**Work to be completed:**
Take the lines below from the one with "Adorable black fitted" through the one with "大家可以先准备好biubiu" and retype them exactly. Include nothing else, and no pictures.

(Input for this task)

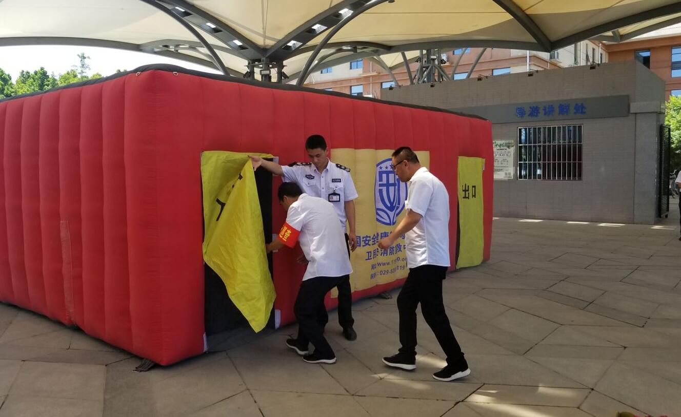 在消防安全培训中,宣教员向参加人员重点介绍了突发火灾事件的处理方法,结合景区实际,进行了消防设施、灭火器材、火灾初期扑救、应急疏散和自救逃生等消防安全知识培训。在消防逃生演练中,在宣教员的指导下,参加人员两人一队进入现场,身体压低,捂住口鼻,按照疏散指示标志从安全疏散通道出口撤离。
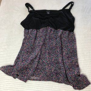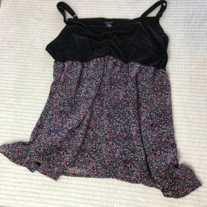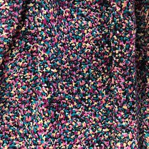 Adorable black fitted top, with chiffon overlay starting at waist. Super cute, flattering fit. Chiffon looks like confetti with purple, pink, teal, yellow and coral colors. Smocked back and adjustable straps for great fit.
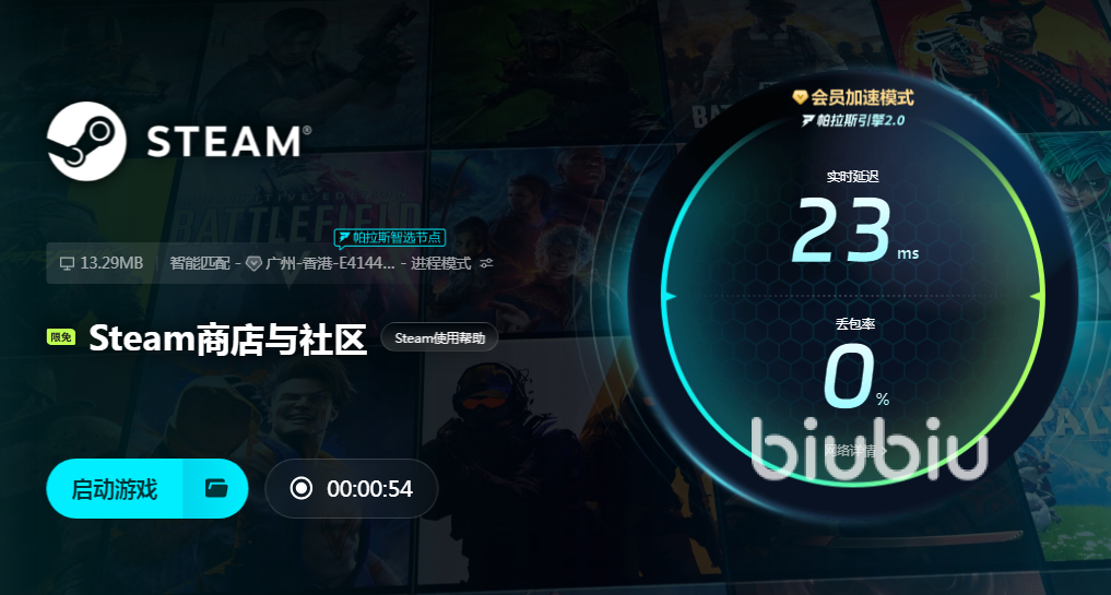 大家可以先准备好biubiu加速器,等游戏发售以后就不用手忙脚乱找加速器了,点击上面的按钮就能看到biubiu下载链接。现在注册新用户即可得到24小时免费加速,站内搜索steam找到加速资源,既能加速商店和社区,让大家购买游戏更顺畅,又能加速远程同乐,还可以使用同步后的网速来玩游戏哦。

(End Input for this task)
(Input for this task)

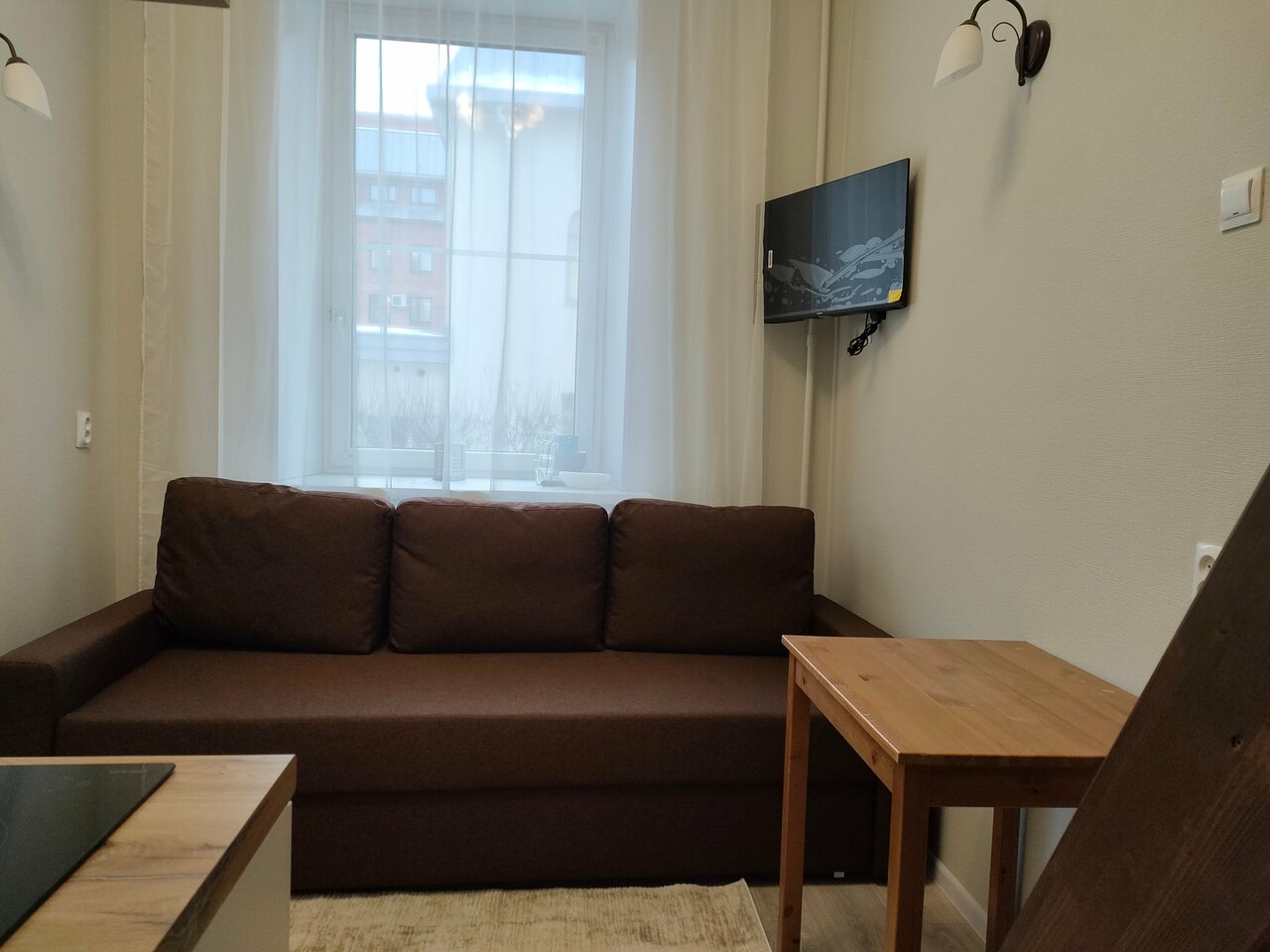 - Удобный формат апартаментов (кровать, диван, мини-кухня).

(End Input for this task)

**Response area:**
 Adorable black fitted top, with chiffon overlay starting at waist. Super cute, flattering fit. Chiffon looks like confetti with purple, pink, teal, yellow and coral colors. Smocked back and adjustable straps for great fit.
 大家可以先准备好biubiu加速器,等游戏发售以后就不用手忙脚乱找加速器了,点击上面的按钮就能看到biubiu下载链接。现在注册新用户即可得到24小时免费加速,站内搜索steam找到加速资源,既能加速商店和社区,让大家购买游戏更顺畅,又能加速远程同乐,还可以使用同步后的网速来玩游戏哦。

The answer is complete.